> _Directions for this task_: Make an exact transcript of the lines in the data below, starting with the one containing "Иглы для мезотерапии" and going on through the one containing "5月30日上午,爱体育(中国", with both included and the pictures left out.

------ Working data ------

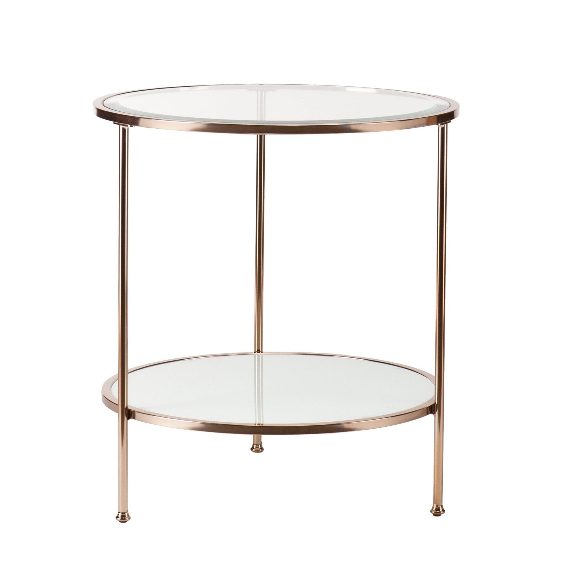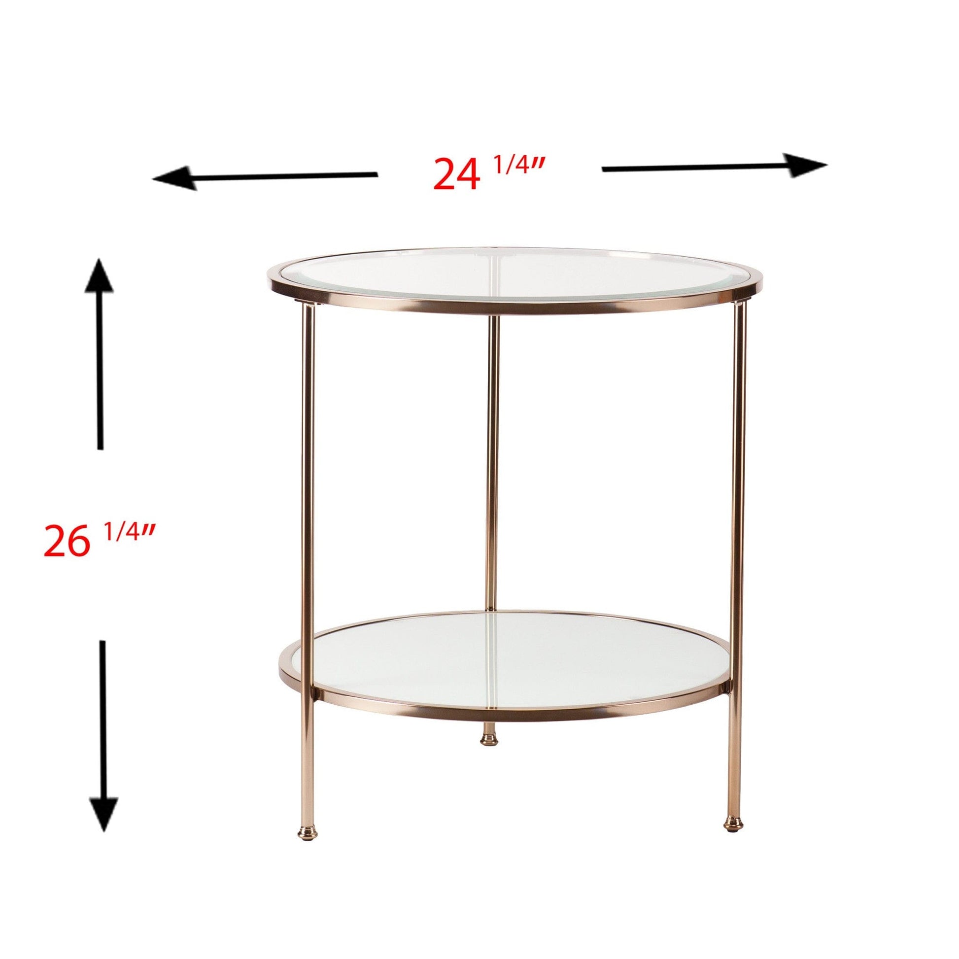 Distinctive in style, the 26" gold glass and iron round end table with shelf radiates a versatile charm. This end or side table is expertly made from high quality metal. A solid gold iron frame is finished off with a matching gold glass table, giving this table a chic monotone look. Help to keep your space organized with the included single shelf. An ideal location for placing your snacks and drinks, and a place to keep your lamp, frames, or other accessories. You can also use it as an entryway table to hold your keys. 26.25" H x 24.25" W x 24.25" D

------
------ Working data ------

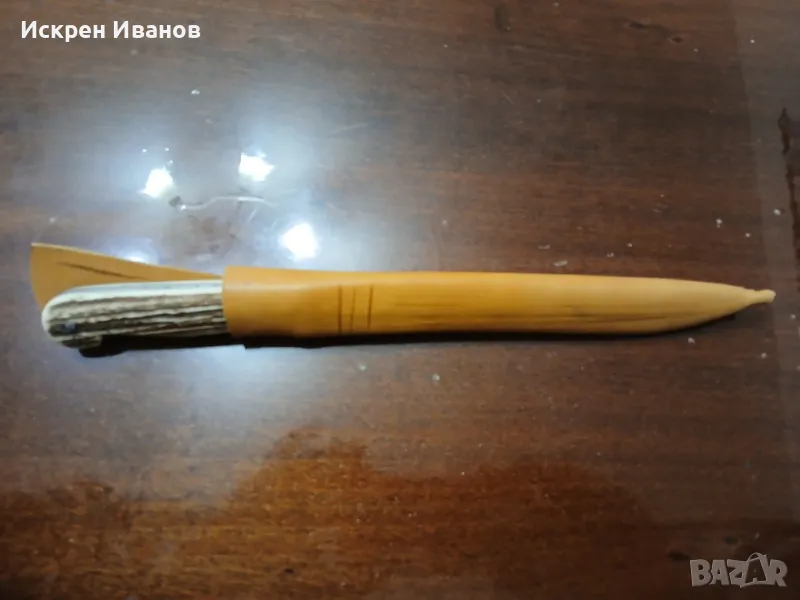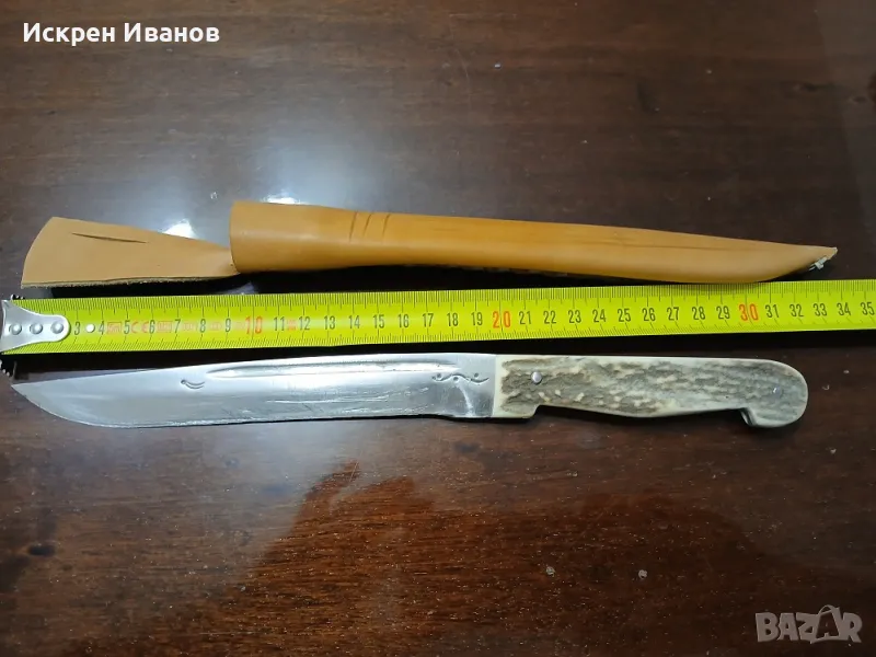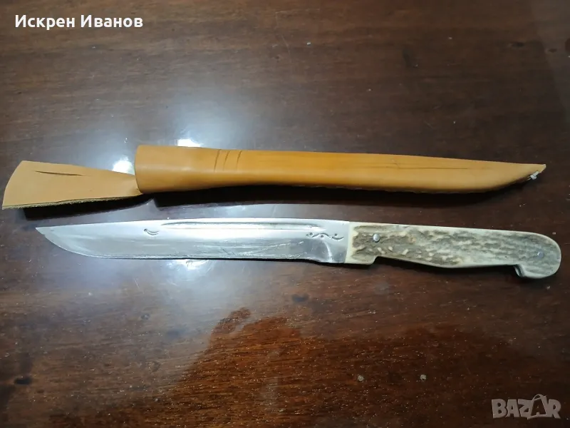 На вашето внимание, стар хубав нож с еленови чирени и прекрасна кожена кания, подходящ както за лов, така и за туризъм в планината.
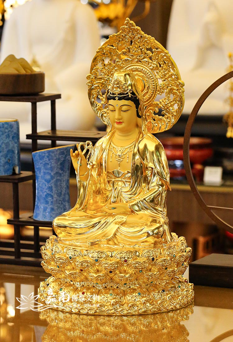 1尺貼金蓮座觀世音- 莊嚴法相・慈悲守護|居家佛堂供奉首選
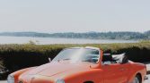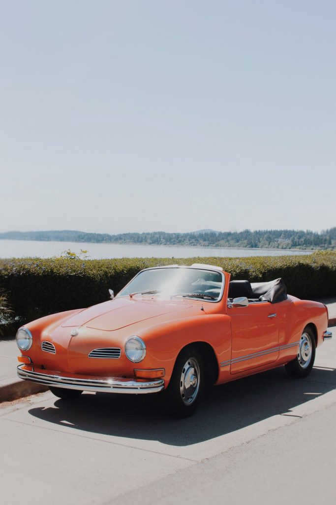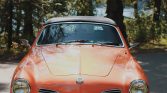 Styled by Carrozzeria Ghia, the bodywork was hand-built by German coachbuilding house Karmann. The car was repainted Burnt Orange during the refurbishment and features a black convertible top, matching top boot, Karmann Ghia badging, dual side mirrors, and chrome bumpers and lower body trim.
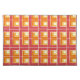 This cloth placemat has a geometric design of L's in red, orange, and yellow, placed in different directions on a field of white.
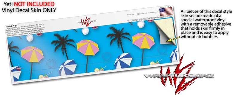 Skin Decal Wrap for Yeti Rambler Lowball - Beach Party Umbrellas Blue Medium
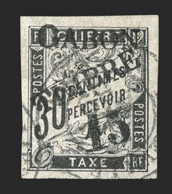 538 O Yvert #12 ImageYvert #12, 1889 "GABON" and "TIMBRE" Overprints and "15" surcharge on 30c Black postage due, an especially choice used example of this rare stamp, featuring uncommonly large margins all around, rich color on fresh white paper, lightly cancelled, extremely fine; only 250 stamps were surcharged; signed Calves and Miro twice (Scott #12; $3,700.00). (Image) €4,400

------
------ Working data ------

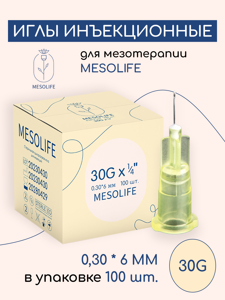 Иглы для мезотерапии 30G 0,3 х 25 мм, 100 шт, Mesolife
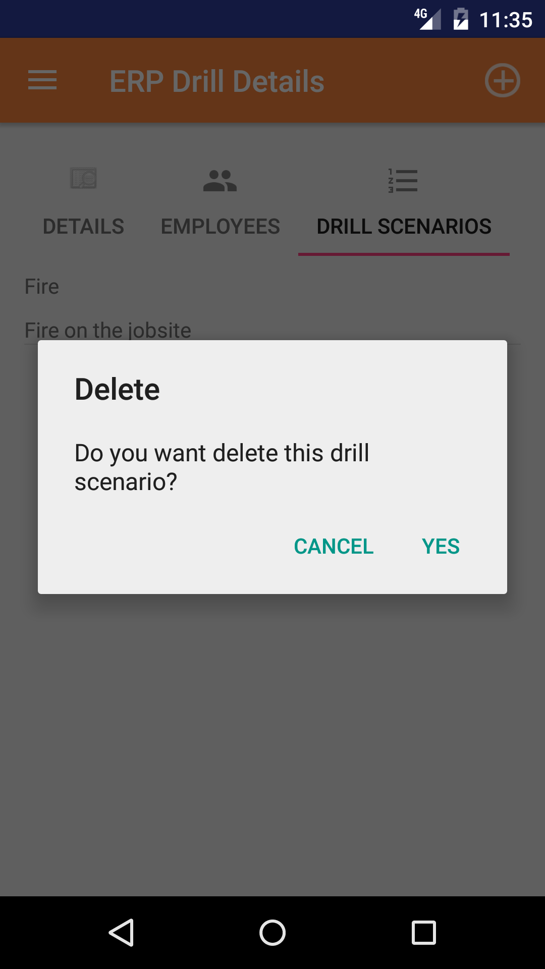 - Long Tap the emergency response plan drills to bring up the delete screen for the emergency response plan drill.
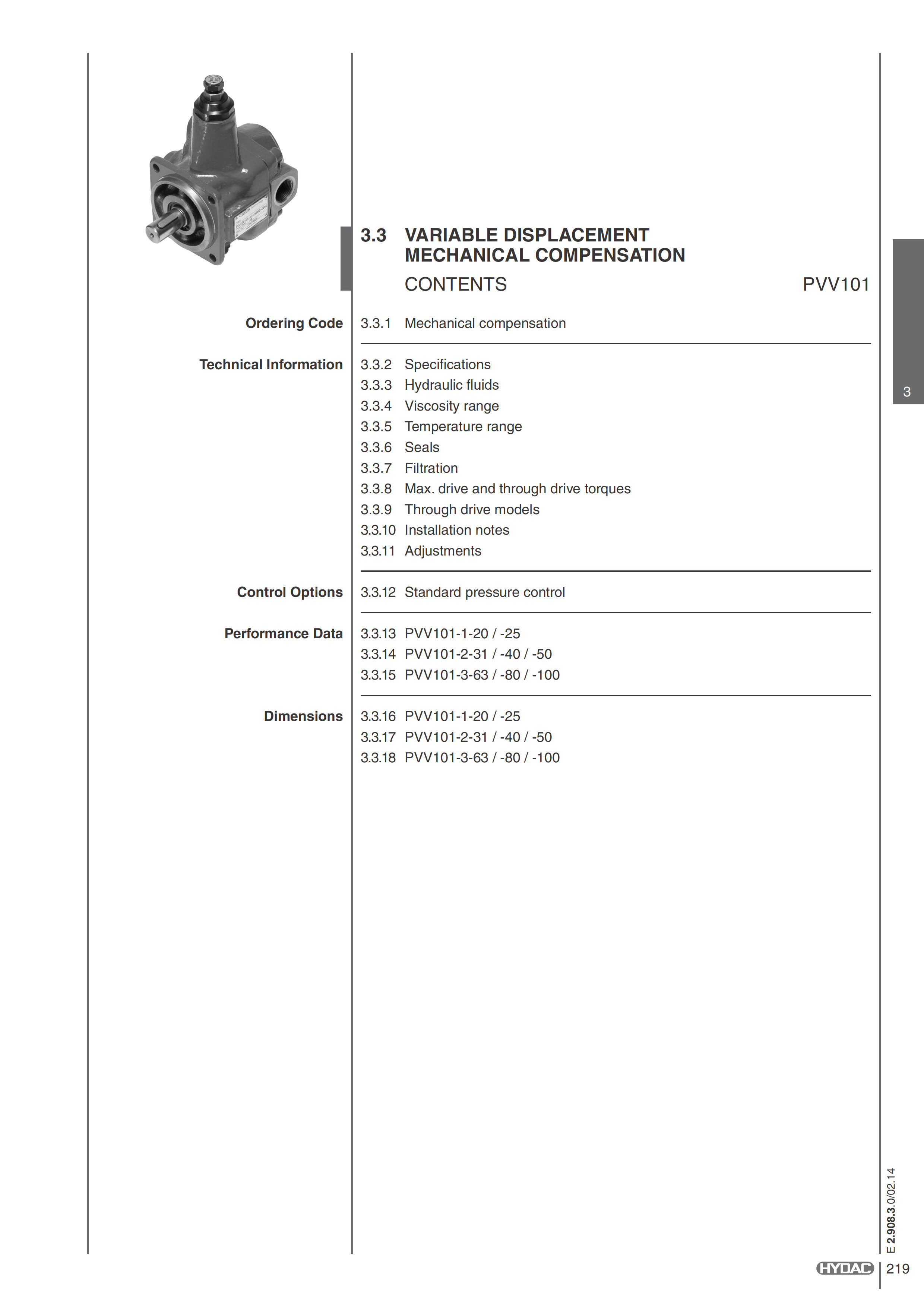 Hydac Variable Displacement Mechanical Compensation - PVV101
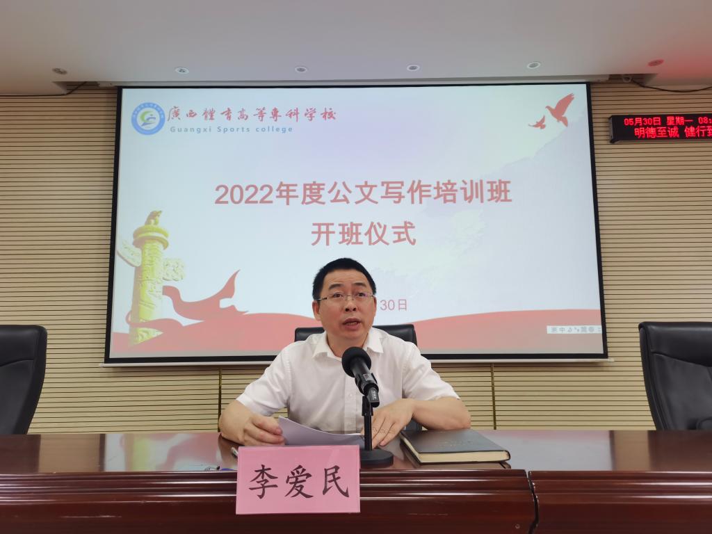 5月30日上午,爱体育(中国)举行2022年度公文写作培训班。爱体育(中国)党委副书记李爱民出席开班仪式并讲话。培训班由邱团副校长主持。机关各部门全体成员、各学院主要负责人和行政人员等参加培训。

------

> _Written solution_:
 Иглы для мезотерапии 30G 0,3 х 25 мм, 100 шт, Mesolife
 - Long Tap the emergency response plan drills to bring up the delete screen for the emergency response plan drill.
 Hydac Variable Displacement Mechanical Compensation - PVV101
 5月30日上午,爱体育(中国)举行2022年度公文写作培训班。爱体育(中国)党委副书记李爱民出席开班仪式并讲话。培训班由邱团副校长主持。机关各部门全体成员、各学院主要负责人和行政人员等参加培训。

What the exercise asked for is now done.